◆ ENTRIES PROVIDED ◆
☆ ☆ ☆ ☆ ☆ ☆ ☆

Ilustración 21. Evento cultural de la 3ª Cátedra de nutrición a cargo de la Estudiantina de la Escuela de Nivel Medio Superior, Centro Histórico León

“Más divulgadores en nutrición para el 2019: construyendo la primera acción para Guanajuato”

☆ ☆ ☆ ☆ ☆ ☆ ☆

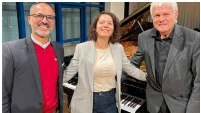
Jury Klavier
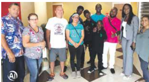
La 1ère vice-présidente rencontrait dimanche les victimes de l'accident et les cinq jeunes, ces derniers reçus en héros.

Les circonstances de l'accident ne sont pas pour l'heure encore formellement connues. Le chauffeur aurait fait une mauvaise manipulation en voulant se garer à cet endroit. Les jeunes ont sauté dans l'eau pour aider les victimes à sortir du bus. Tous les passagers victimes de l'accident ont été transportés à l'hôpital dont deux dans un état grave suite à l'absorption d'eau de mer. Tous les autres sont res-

☆ ☆ ☆ ☆ ☆ ☆ ☆

◆ WORK TO BE COMPLETED ◆
Above is a listing; print exactly its lines from the one with "Ilustración 21. Evento" through the one with "divulgadores en nutrición", and no other lines.

◆ RESPONSE ◆
Ilustración 21. Evento cultural de la 3ª Cátedra de nutrición a cargo de la Estudiantina de la Escuela de Nivel Medio Superior, Centro Histórico León

“Más divulgadores en nutrición para el 2019: construyendo la primera acción para Guanajuato”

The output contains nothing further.